TECHNOLOGY has a key role to play for travel players to successfully attract Indonesian Millennials, an emerging market segment which has displayed a penchant for taking holidays on impulse, a heavy reliance on word of mouth, travelling twice a year with each trip lasting an average of four nights.

These were the observations shared during TravelRave 2015: Capturing the Next Wave of Tourism Growth in Indonesia, a roundtable discussion organised by Singapore Tourism Board (STB) in Jakarta yesterday.

Andrew Phua, director, exhibitions and conferences at STB, said: “Millennials are a tremendous opportunity for the travel industry. To successfully capture this market, players will need to understand their preferences and deliver what they are looking for.”

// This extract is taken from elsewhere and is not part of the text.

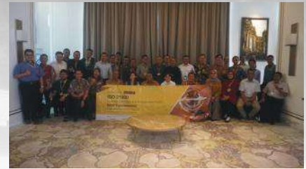
ISO 31000 Series 1: ERM Fundamental, 4-6 Desember 2017, The Alana Hotel and Convention Center, Yogyakarta

Dua hari selanjutnya, peserta dapat semakin memperkaya wawasan dan perspektif manajemen risiko dengan mengikuti konferensi internasional manajemen risiko terbesar se-Asia Tenggara, Risk Beyond 2018 , yang kali ini mengangkat tema " Integrated GRC (Governance, Risk Management, Compliance) in a New Digital World. "
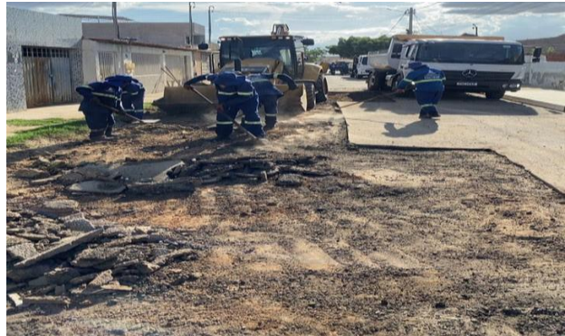
RUA SÃO JOÃO - MAN. PAVIMENTO ASFÁLTICO

He added: “The Asian Millennials are poised to be the main growth drivers in the tourism industry. They spent US$215 billion on travel in 2013 and are expected to increase their travel budget by 58 per cent by 2020.”

Danny Kim, analyst, travel team at Google APAC, said: “Millennials’ online behavior have changed significantly over the past few years. As mobile and Internet penetration continue to expand, people have greater access to information and options in each phase of their consumer journey.”

Concurred Gaery Undarsa, managing director and co-founder at Tiket.com: “Increasing internet coverage and the widespread use of smartphones has opened up a huge space in the online booking industry. It is thus the industry’s role to educate the market on the benefits that can be reaped.”

Recognising the need to stay competitive amid changing market demands, Indonesian travel players are increasingly integrating technology into their business operations.

Anthony Akili, group president and CEO of Smailing Tours and Travel Service, said: “In Smailing, 70 per cent of our market are business travellers and we’re focusing on the high-end segment for the leisure side. We are preparing our online platform for this and hopefully we will be able to launch next year.”

Adi Satria, vice president of sales, marketing and distribution for Malaysia, Indonesia and Singapore at AccorHotels, revealed that they had just launched an online check-in function for hotels in Indonesia to provide a seamless travel experience for customers.